The Link between Effectivity Satellites and Driver Keys.

Patrick Cuba
The Modern Scientist
9 min readSep 24, 2024

Within the Data Vault community there is a misconception of what an effectivity satellite table is, how to model it, where it should be used and how it compares to the other common patterns like record tracking satellite and status tracking satellite tables.

  • To start with, an effectivity satellite is not an SQL view over your satellite table with a virtual end-date; recall that data vault 2.0 is strictly insert-only. However, a physicalised end-date does exist in an effectivity satellite and we never update the end-date that was inserted.
  • An effectivity satellite table is intrinsically related to the driver key concept; you cannot have an effectivity satellite table without defining what that driver key (or keys) is. The driver key is the concept of defining what is the principal business object we are tracking the relationship changes against. A driver key concept essentially tracks what other business objects that driver business object is related to at that point in time. You can have driver keys without an effectivity satellite because the application source has provided a business date of that relationship change and you simply load that attribute into a link-satellite table.
  • Effectivity is never ever built into a link table (adding start and end dates to a link table); this destroys the intended scalability of the link table because you have essentially made the link table single purpose and no longer the shortest and most efficient path between business objects. A single link table can support as many link-satellite tables and (by extension) effectivity satellite tables as you need, and you might want to model the latter for a variety of reasons: tracking the driving relationship differently to how the source application tracks that relationship. Of course, that would make this implementation of an effectivity satellite table a business vault artefact.

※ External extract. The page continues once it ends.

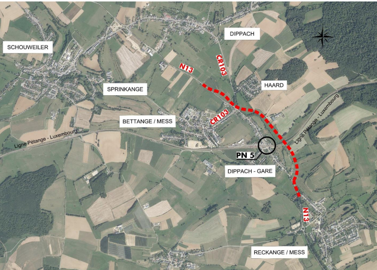 Prévu dans le cadre du projet de mise à deux voies de la ligne de chemin de fer Pétange-Luxembourg, ce contournement avait un but bien précis. «L’idée principale, rappelle Laurent Koob, c’était la suppression du passage à niveau PN5» sur la route nationale 13.

Yes, effectivity satellite tables can only ever exist off a link table (you will never see an effectivity satellite table whose parent artefact is a hub table), it is only there for tracking relationship changes and nothing else. If descriptive attributes about the relationship changes, this will not change the relationship and those descriptive attributes will load to the link-satellite table.

Being able to track what is the current relationship in a link table solves one very important problem area about link tables: how do you know which is the current relationship if the relationship returns to a previous state? Especially if,

  • The source application does not supply this change
  • Nothing else changes about the relationship’s state (the attributes)

Ok with that aside, let’s dig into how effective the effectivity satellite table is!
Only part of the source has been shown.